> **Work order**
From the line containing "Bitcoin is currently" down to the line containing "Conjunto compuesto por: un", copy out the entries below exactly, both lines included, and nothing else; pictures do not belong in the copy.

[Records excerpted from a collection]
------------------------------------------------------------------------

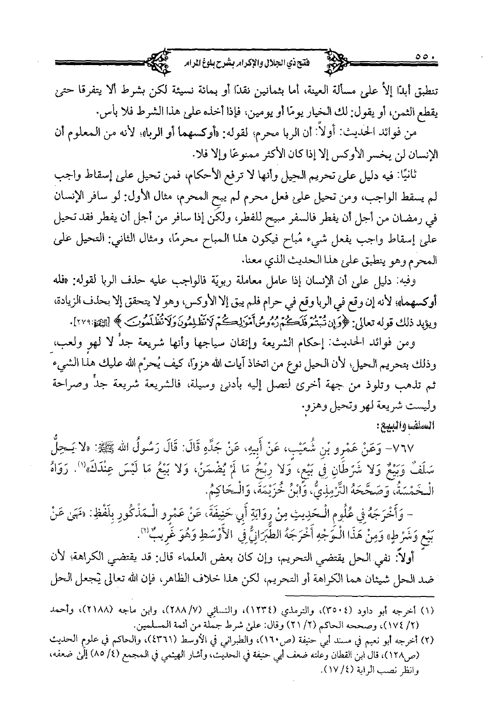 767 - وعن عمرو بن شعيبٍ، عن أبيه، عن جدِّه قال: قال رسول الله صلى الله عليه وسلم: "لا يحلُّ سلفٌ وبيعٌ ولا شرطان في بيعٍ، ولا ربح ما لم يضمن، ولا بيع ما ليس عندك". رواه الخمسة وصحَّحه التِّرمذيُّ، وابن خزيمة والحاكم.
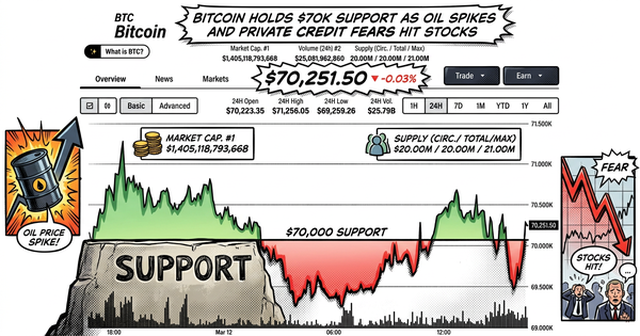 Bitcoin is currently acting as a shock absorber for risk-on portfolios, maintaining its $70,000 psychological floor even as geopolitical instability in the Middle East sends crude oil soaring toward $100 per barrel. While traditional equities are reeling from a combination of energy-driven inflation fears and a widening liquidity crunch in the private credit sector, BTC is proving its resilience as a non-correlated hedge.
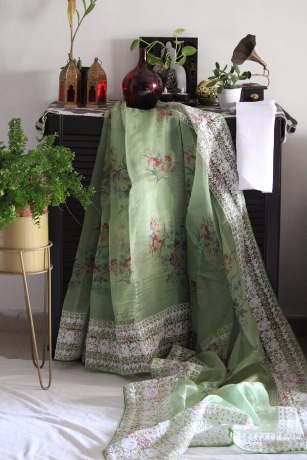 Pisctachio Khadi Organza Digital Print Floral Saree With Chikankari Viscose Thread Work
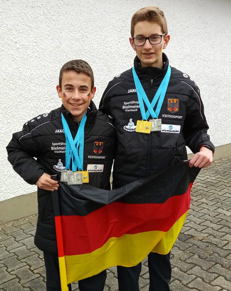 Mit einem glänzenden EM Debüt können die beiden jüngsten Akteure Marco Straubinger und Florian Kreuzeder, beide vom ESC Rattenbach, die Titelkämpfe zu den Akten legen. Nicht weniger als fünf Medaillen können sie in ihren mittlerweile gut gefüllten Medaillenschrank hinzufügen. Herausragend war natürlich der Titel im Mannschaftsspiel der U 16. Florian Kreuzeder und Marco Straubinger, Hansi Obermayer vom EC Lampoding, Lukas Vorderwester, ESV Wang und Paul Lämmlein EC Feldkirchen besiegten dabei im Finale Österreich mit 19:7. Platz drei ging an Italien, die Slowenien mit 18:12 besiegten.
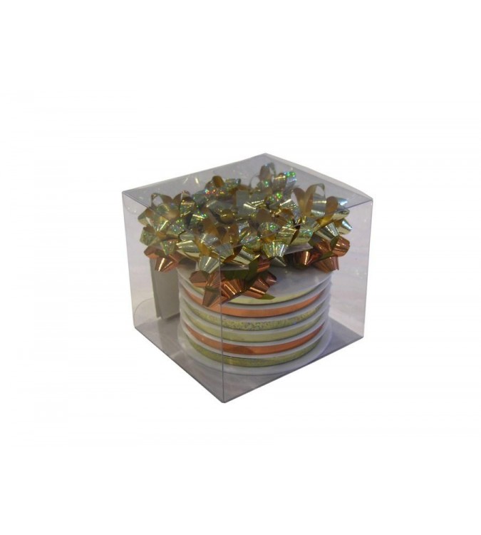 Conjunto compuesto por: un rollo con 6 cintas de regalo de 3 modelos diferentes en colores dorados y cobres, 12 tarjetas de regalo en dorado y 12 moños en dorado y cobre.
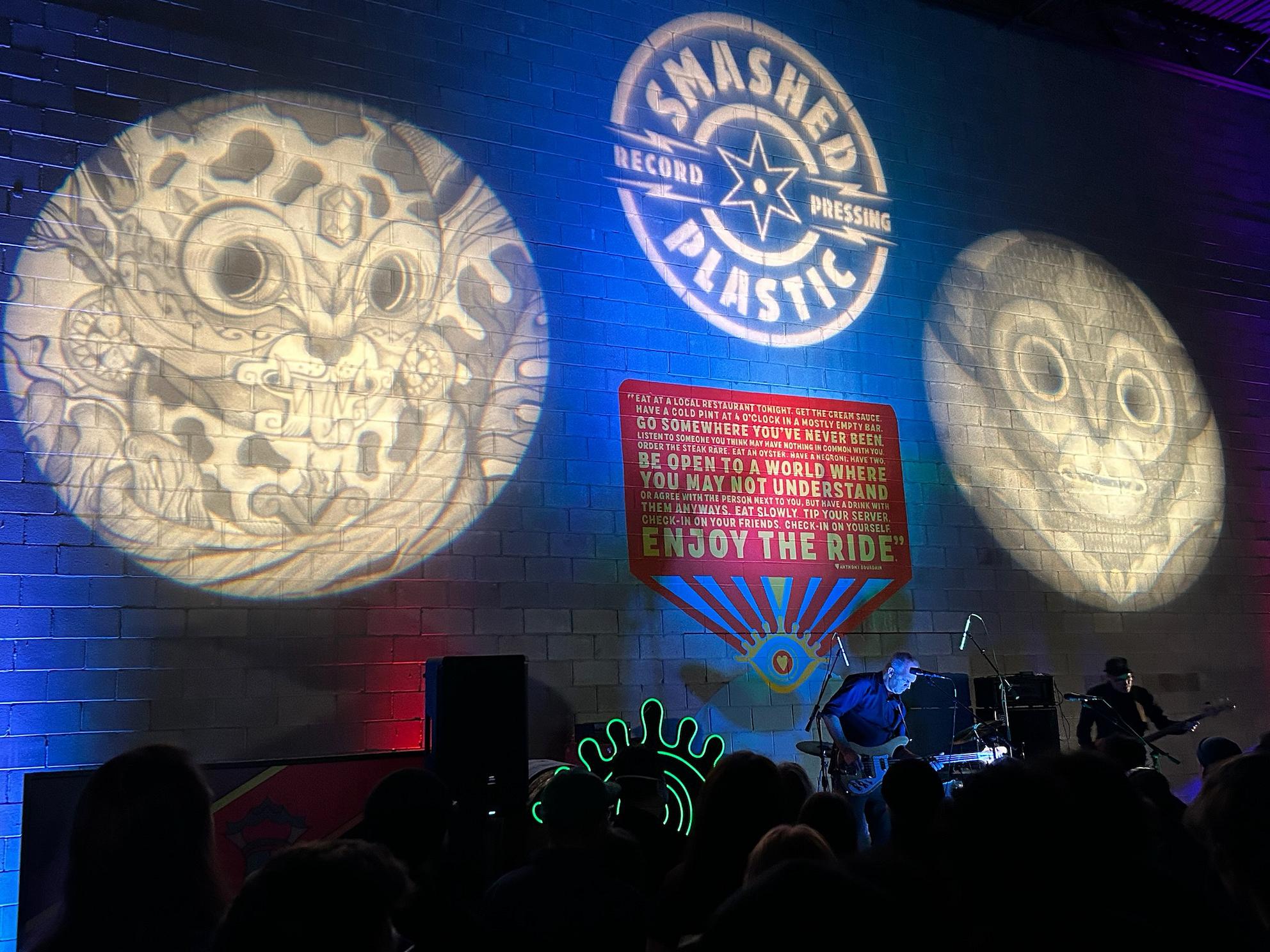 Above the stage was a painted quote by Anthony Bourdain and two projected moons, as well as a projected and lightly bouncing Smashed Plastic logo; while we milled in the half-lit warehouse, Tiny Tim’s “Tiptoe Through the Tulips” played from the other half of the warehouse, lending a momentary uncanniness to the event. After enough time for an impromptu bathroom break and lap around the warehouse, looking at innumerable unidentifiable boxes and a field of commercial espresso machines, Dianogah took the stage again, claiming “we only know our set from the beginning, so here we go.” While they didn’t do more than another song or two, they shouted out both their children in the crowd — a teen wearing bright pink headphones raised their fist joyfully — and elicited some lighthearted jeers at a Smashed Plastic employee the band jocularly blamed for the delayed release of their forthcoming album.

------------------------------------------------------------------------

> **Solution for this exercise**
 Bitcoin is currently acting as a shock absorber for risk-on portfolios, maintaining its $70,000 psychological floor even as geopolitical instability in the Middle East sends crude oil soaring toward $100 per barrel. While traditional equities are reeling from a combination of energy-driven inflation fears and a widening liquidity crunch in the private credit sector, BTC is proving its resilience as a non-correlated hedge.
 Pisctachio Khadi Organza Digital Print Floral Saree With Chikankari Viscose Thread Work
 Mit einem glänzenden EM Debüt können die beiden jüngsten Akteure Marco Straubinger und Florian Kreuzeder, beide vom ESC Rattenbach, die Titelkämpfe zu den Akten legen. Nicht weniger als fünf Medaillen können sie in ihren mittlerweile gut gefüllten Medaillenschrank hinzufügen. Herausragend war natürlich der Titel im Mannschaftsspiel der U 16. Florian Kreuzeder und Marco Straubinger, Hansi Obermayer vom EC Lampoding, Lukas Vorderwester, ESV Wang und Paul Lämmlein EC Feldkirchen besiegten dabei im Finale Österreich mit 19:7. Platz drei ging an Italien, die Slowenien mit 18:12 besiegten.
 Conjunto compuesto por: un rollo con 6 cintas de regalo de 3 modelos diferentes en colores dorados y cobres, 12 tarjetas de regalo en dorado y 12 moños en dorado y cobre.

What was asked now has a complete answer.